Я опередил Люси; я понял, что я добытчик и кормилец, еще до того, как она стала поощрять меня за добытое. Это был просто-напросто факт. Другие мальчишки после школы пускались в игру или шли домой, где их ждал завтрак, и проводили время в кругу семьи я же, не теряя ни минуты, бежал в редакцию за газетами и потом часа три носился с ними по улицам. если за день у меня набирался четвертак, этого уже было вполне достаточно, чтобы вся семья посчитала мой заработок приличным, потому что на четвертак можно было массу чего купить у бакалейщика Ераноса, или у Вулворта, или в Вестерн-сэйлз.

Но бывало и так, что улицы уже пустели, а в кармане у меня не заводилось даже четвертака. Бывало, что люди просто не желали покупать газет. (Помню, как я поклялся, что когда стану взрослым да к тому же еще и человеком с положением и деньгами, ежедневно буду выкладывать за газету доллар - на удивление и радость мальчишке-разносчику, где бы он ни попался мне. И так я и делал в течение какого-то времени - в основном в Сан-Франциско, когда появилась моя первая книга, - ну а потом вскоре я забыл о своем обещании.)

В те дни, когда заработок мой оказывался скудным, я все равно чувствовал себя отлично, потому что знал, что сделал все от меня зависящее. Но когда я приходил домой и выкладывал на стол монетки, бабушка взглядывала на меня холодно, не сияла, как в другие дни, и не произносила свое "А-ба!".

В эту минуту я читал у нее на лице: "Двадцать центов? И по-твоему это деньги?

А потом без особой доброты в голосе и нарочито громко она бросала мне: "Волк!" Это не ко мне относилось, это относилось к еде, которую она ставила передо мною на стол и которую я, мол, сейчас проглочу, точно волк. Но я знал Люси, и это обидное слово гораздо больше забавляло меня, чем задевало. Я не клевал на приманку ее поощрительного "а-ба" и ничуть не расстраивался от ее "волка".

Она была такою, какой была, а это самое главное. "Зыг-тывир" - так звучит по-армянски слово, которое я тут передал как "волк", но, конечно, она - непереводимо. Это значит: набрасываться на еду, как зверь.
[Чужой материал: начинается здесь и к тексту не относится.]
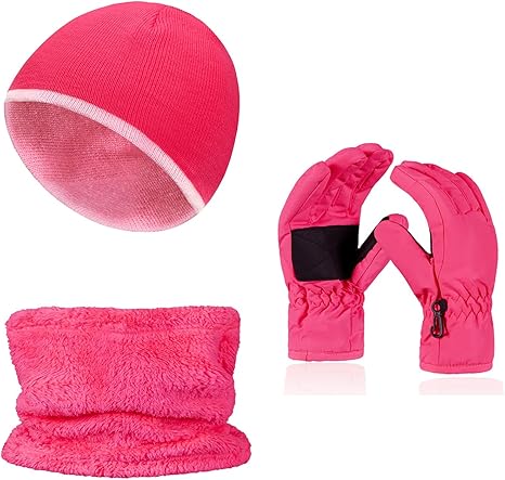 Kids Skiing Snow Winter Gloves Teddy Fleece Scarf Hat Cute Beanie Gloves Neck Warmer for Cold Weather

Однажды, когда Люси сказала мне "зыгтывир", я вдруг расхохотался во весь голос - уж больно смешно выглядело все вместе: наша бедность, наши индивидуальности, ее и моя, ее командные словечки, моя полнейшая неуязвимость. Ну и конечно, она тут же расхохоталась в ответ.

Вот это все в какой входило язык?

* * *

Сегодня утром, за рулем машины, я стал думать о том, как воздействует место на лицо человека, и мысль эта по каким-то причинам навела меня на другую - о вещах, которые ненавидишь, которых больше всего боишься.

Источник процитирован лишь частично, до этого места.